Seguramente uno de los factores de los que más se conoce su influencia negativa hacia el dolor crónico es el exceso de peso corporal. Esto no solo sucede por el hecho de que se trate de una carga física, sino porque la acumulación de grasa en el organismo provoca unas alteraciones metabólicas que aumentan la inflamación crónica generalizada, cosa que empeora el dolor, además de otros aspectos de la salud.

El sobrepeso y obesidad son problemas de salud en sí mismos, pero también factores que empeoran el dolor crónico y, además, nos hacen más propensos a padecer otras patologías como la diabetes, enfermedades cardiovasculares, síndrome metabólico, depresión, alteraciones gastrointestinales, etc.

La complejidad de la regulación del peso corporal y la relación entre la alimentación y el dolor crónico, hace de este tema una prioridad a la hora de ayudar a los pacientes.

obesidad, alimentación y dolorEl exceso de peso corporal se produce por un aumento de la acumulación de grasa en el organismo debido principalmente a un desequilibrio entre las calorías ingeridas y las gastadas. La obesidad se produce cuando nuestro IMC (relación entre nuestro peso y nuestra altura) es mayor a 30 o también cuando la acumulación de grasa en el abdomen hace que nuestro perímetro de cintura sea superior a 88cm en mujeres y a 102cm en hombres.

La típica forma corporal de manzana es la más peligrosa para la salud pues está demostrado que, la grasa en nuestra zona abdominal es perjudicial para la salud cardiovascular, favorece la resistencia a la insulina y también el desarrollo de enfermedades o situaciones inflamatorias.

Con la obesidad aumenta la inflamación crónica en el organismo y eso hace que sintamos más dolor pues se potencia la sensibilización central y se perjudica el equilibrio metabólico, endocrino e inmunitario.

Hay una estrecha relación entre el aumento de masa grasa abdominal y el aumento del dolor, es decir, los pacientes con sobrepeso u obesidad sienten más dolor, tiene peor salud y tienen peor funcionalidad física y peor calidad de vida que las que tienen un peso adecuado.

Son muchos los estudios que hablan sobre cómo la obesidad (y el sobrepeso) afecta de forma muy negativa en el nivel de dolor de pacientes con enfermedades como la fibromialgia, la artrosis, el dolor lumbar crónico, etc.

En todos ellos se pone de manifiesto que, a mayor peso, mayor es el dolor y que disminuyendo el peso, aun que sea en tan solo un 10% del peso inicial, los pacientes notan ya la mejoría.

Además, hay trabajos que ponen de manifiesto la relación positiva entre el mantenimiento de la masa muscular y mejora en el dolor, mejor función física y mejor calidad de vida. De manera que, conseguir un peso corporal adecuado y procurar mantener la masa muscular son factores básicos para reducir el dolor.

Pero la regulación del peso corporal es muy compleja y conseguir un peso adecuado en personas con obesidad y dolor es una tarea que requiere esfuerzo y constancia. La dieta debería ser equilibrada y suficiente para tomar solo la energía que gastamos cada día.

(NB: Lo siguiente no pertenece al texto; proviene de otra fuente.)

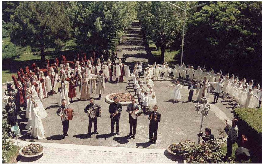
Stylised depiction of Circassian dance party.

La ingesta de alimentos está afectada por factores como son el descanso y el sueño, el estrés, los estados de ánimo, la actividad física, la medicación y el dolor…

El hecho de no descansar lo suficiente o dormir pocas horas o tener una mala calidad del sueño nos hace comer más.

Estar bajo un estado de estrés crónico, como puede ser el hecho de sufrir dolor continuamente, altera la regulación de las señales de saciedad.

Las alteraciones en el estado de ánimo, la depresión y la ansiedad también afectan negativamente a cómo comemos…

La falta de actividad física nos hace perder masa muscular y por tanto sentirnos más cansados o con menos vitalidad, y eso también nos puede hacer buscar energía extra en la comida.

Además, se sabe que uno de los efectos positivos de hacer ejercicio físico es que éste ayuda a la regulación de la saciedad y el hambre.

Algunos fármacos también pueden alterar la ingesta o el metabolismo haciéndonos más susceptibles de ganar peso. Y para colmo, el mismo dolor, cuando es crónico, altera la conducta alimentaria ya que genera unas alteraciones en el sistema nervioso que hacen que los pacientes tengan menos control sobre sus impulsos de comer, y busquen de forma inconsciente el efecto analgésico-hedónico del hecho de comer.

Mientras comemos no sentimos dolor y además, si comemos algo que nos gusta, tendremos una sensación positiva que nos alivia aunque solo de forma fugaz. Pero es un mecanismo que tiene nuestro propio organismo para mantener su integridad física y mental, cuando sentimos algún tipo de tensión o estrés (en este caso el dolor crónico) el propio cerebro busca maneras de darse una recompensa y liberarse de esa sensación negativa…

En los pacientes con dolor crónico este mecanismo juega muy en contra pues el alivio instantáneo que se obtiene mientras se come algo apetecible, no compensa el hecho de que esto nos estará favoreciendo ingerir calorías de más y por tanto aumentar de peso.

Y si aumentamos de peso, empeoramos el dolor.

Por todo esto, y mucho más, es básico ayudar a los pacientes a llevar una dieta saludable que les permita mantener el peso corporal y siempre sin dejar de disfrutar de ricos platos y recetas.

Todas las recomendaciones tienen que adaptarse a cada paciente, pero hay algunas pautas generales que pueden tenerse en cuenta para mejorar el peso y el dolor:

Tienen que predominar los alimentos de origen vegetal pues son los que, en general, concentran más nutrientes en menos calorías.

Las verduras deben tomarse a diario al igual que las frutas, siendo ideal 2 raciones de las primeras y no más de 3 de las segundas.

Deben reducirse al máximo los azúcares y los alimentos ricos en grasas saturadas como la carne roja, los embutidos, algunos lácteos (postres y quesos curados), las galletas, la bollería y otros alimentos procesados.

Deben incluirse en la dieta, en raciones pequeñas, las semillas y los frutos secos como las nueces, las almendras, las avellanas o los pistachos.

Es importante tener unos horarios constantes de comidas y procurar evitar la ingesta de alimentos ricos en hidratos de carbono por la noche (para las cenas lo ideal son las verduras, las ensaladas, el pescado y el huevo)…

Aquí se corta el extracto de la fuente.